- [Work request]: Output all entries exactly; images excluded.

====== Input data ======

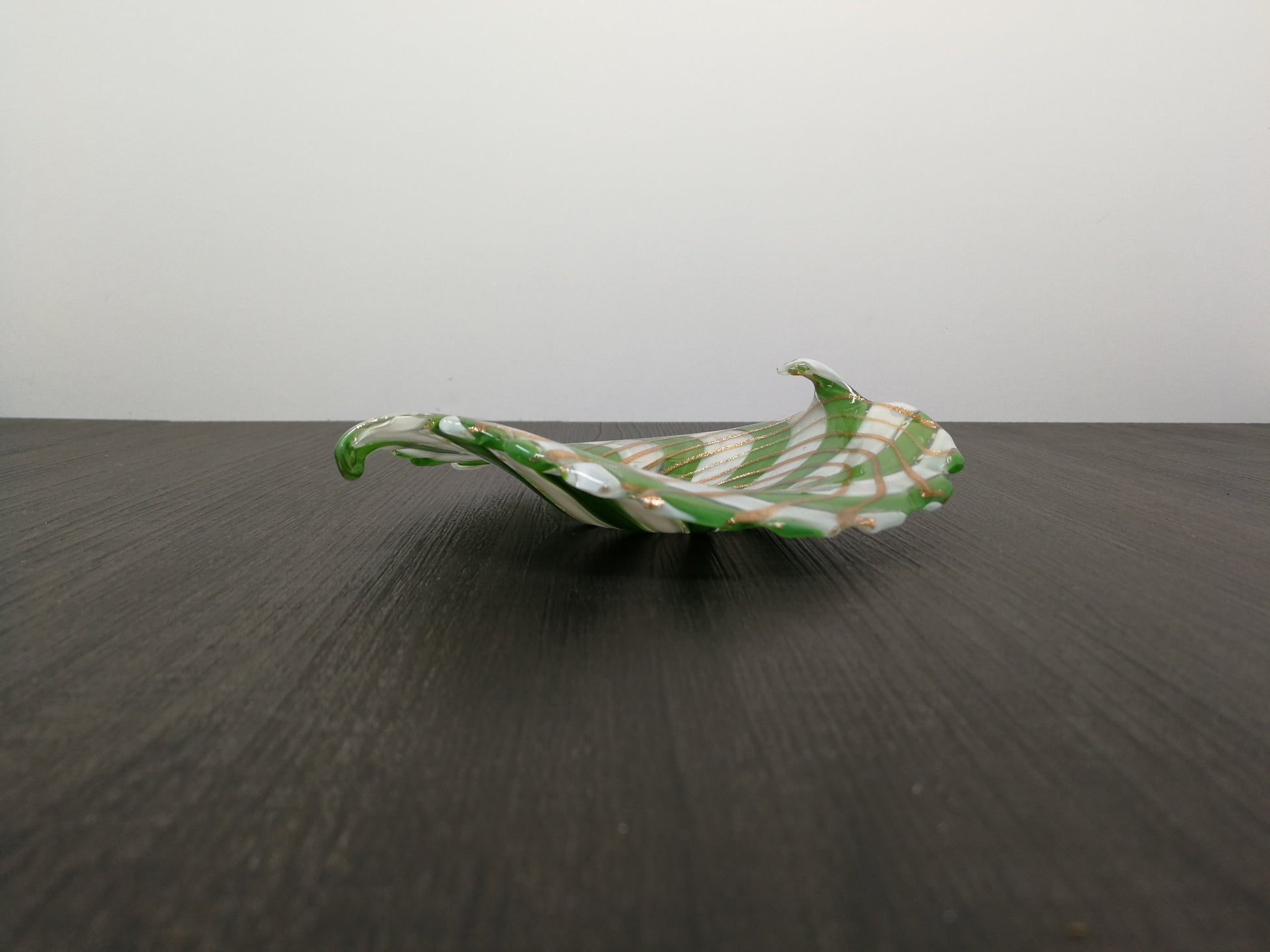 Italian art glass leaf shaped plate, green & white with gold filigree.
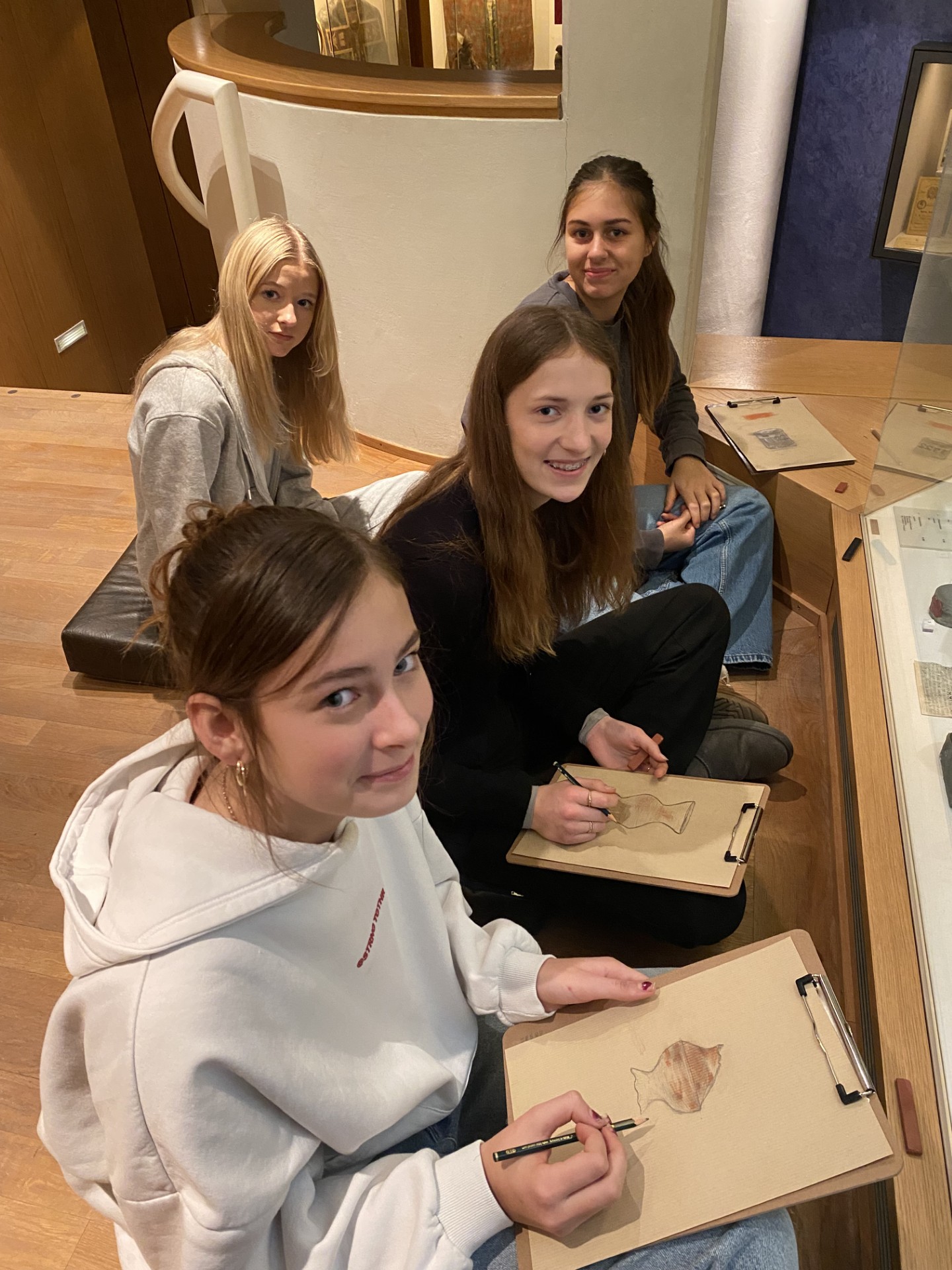 Die Schülerinnen und Schüler erlebten vor den Weihnachtsferien einen informativen und kreativen Museumstag. In der Schatzkammer entstanden tolle Zeichnungen und bei der Erkundung der neuen Sammlungspräsentation DIE HÄNDE ZUM HIMMEL entwickelten sich interessante Dialoge über die Bedeutung von Bildzeichen und Gesten von Emojis heute und Motiven in den Gemälden.
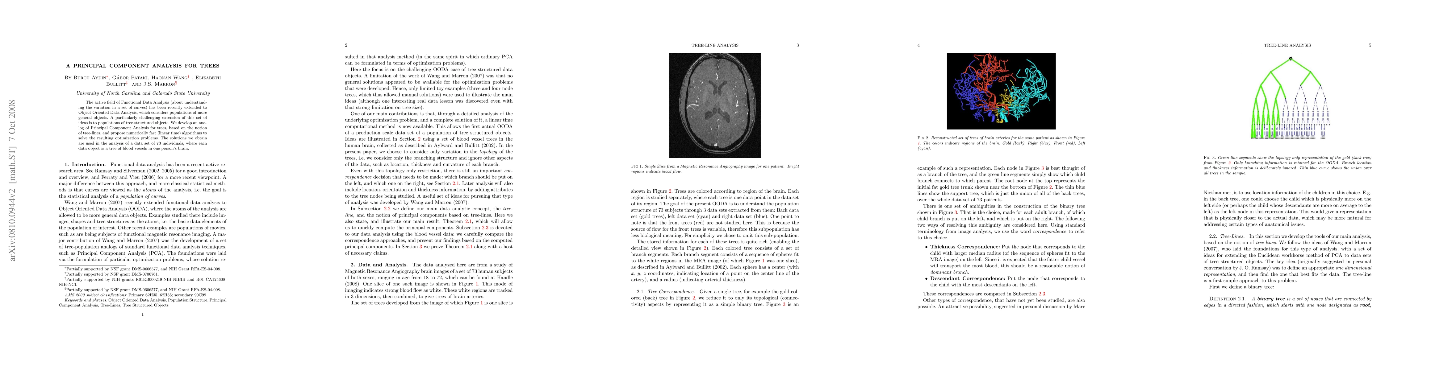 This paper develops a Principal Component Analysis (PCA) analog for tree-structured objects, utilizing tree-lines, and presents efficient linear time algorithms. The method is applied to analyze a dataset of 73 brain blood vessel trees, demonstrating its practical application.
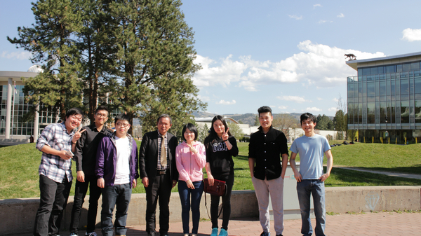 | 图为校长张金隆、管理学院院长张兆国与中加2+2旅游管理交流生合影 摄影:马冬玲 |
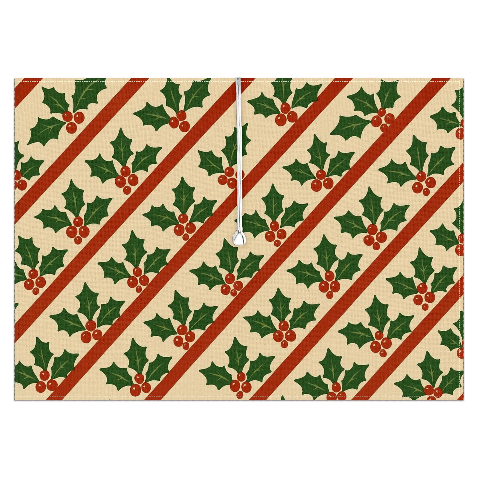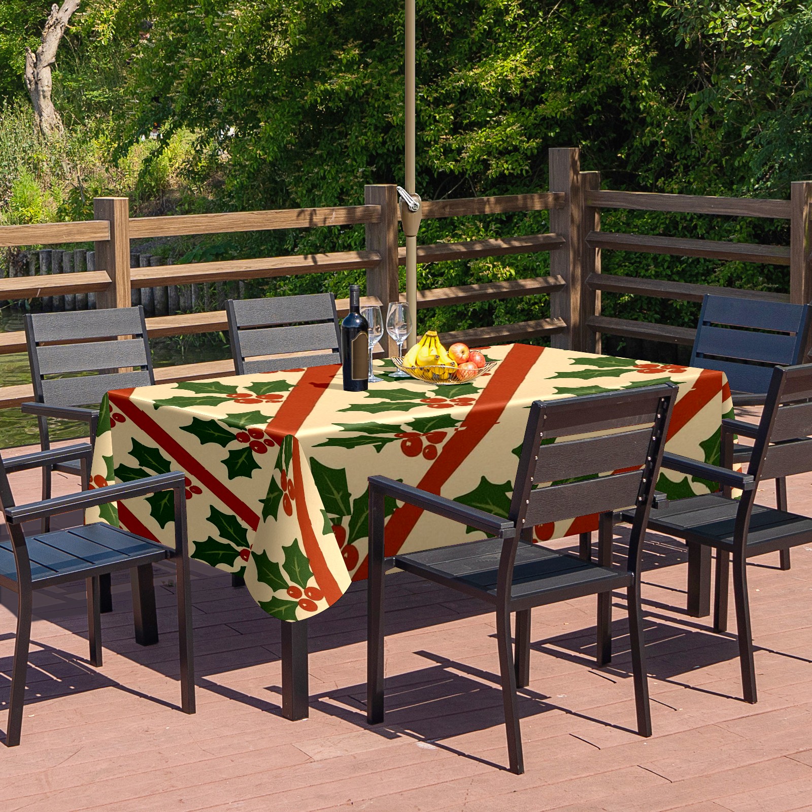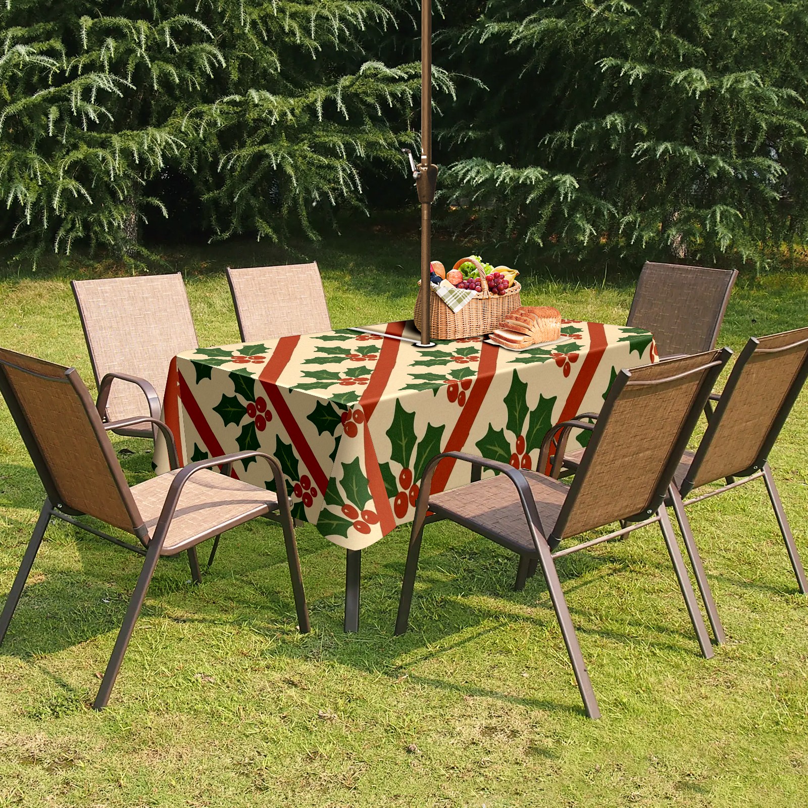 Zipper Square Tablecloth with Holly Leaf Beige Red Green Striped | Waterproof Outdoor Patio Cover for 6-8 Seater Table, 52x70 Inch, Easy to Clean & Setup

======

- [Result of this task]:
 Italian art glass leaf shaped plate, green & white with gold filigree.
 Die Schülerinnen und Schüler erlebten vor den Weihnachtsferien einen informativen und kreativen Museumstag. In der Schatzkammer entstanden tolle Zeichnungen und bei der Erkundung der neuen Sammlungspräsentation DIE HÄNDE ZUM HIMMEL entwickelten sich interessante Dialoge über die Bedeutung von Bildzeichen und Gesten von Emojis heute und Motiven in den Gemälden.
 This paper develops a Principal Component Analysis (PCA) analog for tree-structured objects, utilizing tree-lines, and presents efficient linear time algorithms. The method is applied to analyze a dataset of 73 brain blood vessel trees, demonstrating its practical application.
 | 图为校长张金隆、管理学院院长张兆国与中加2+2旅游管理交流生合影 摄影:马冬玲 |
 Zipper Square Tablecloth with Holly Leaf Beige Red Green Striped | Waterproof Outdoor Patio Cover for 6-8 Seater Table, 52x70 Inch, Easy to Clean & Setup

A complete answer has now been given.